EEPO: Exploration-Enhanced Policy Optimization via Sample-Then-Forget
Pith reviewed 2026-05-18 08:50 UTC · model grok-4.3
The pith
A two-stage rollout with temporary unlearning after the first samples forces language models to explore new responses and raises reasoning scores.
A machine-rendered reading of the paper's core claim, the machinery that carries it, and where it could break.
Core claim
EEPO uses two-stage rollouts with adaptive unlearning: after the policy produces the first half of trajectories, a lightweight unlearning step temporarily suppresses those sampled responses, so the second stage must generate different outputs. This sample-then-forget process disrupts the self-reinforcing loop of dominant modes and improves exploration during training.
What carries the argument
The sample-then-forget mechanism, which inserts a lightweight unlearning step after the first-stage rollouts to suppress sampled trajectories and compel the policy to explore new output regions in the second stage.
If this is right
- The method raises average performance on reasoning benchmarks by 10 to 33 percent relative to GRPO across the tested model sizes.

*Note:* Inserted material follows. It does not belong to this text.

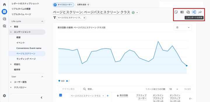 - まず、GA4のレポート画面を開き、「ページとスクリーン」レポートに移動します。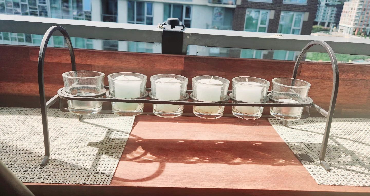 Add some ambience to any space, indoor or out with this wrought iron metal candle holder with six glass cups. Perfect for votive candles or tealights. Good condition with no rust on the metal or cracks in the glass. Includes 4 votive candles and 2 tealights. Measures approximately 17" long, and 7.5" wide/ high.

- Exploration is restored during rollouts without needing larger batch sizes or external entropy bonuses.
- The two-stage structure keeps the overall training pipeline simple while targeting the entropy-collapse problem directly.
- The same sample-then-forget pattern can be inserted into other RLVR algorithms that currently suffer from repeated sampling of dominant responses.
Where Pith is reading between the lines
- The approach may extend to non-reasoning tasks such as code generation or dialogue where repeated safe answers also limit diversity.
- Because the unlearning is temporary and lightweight, it could be combined with existing exploration bonuses without major hyper-parameter retuning.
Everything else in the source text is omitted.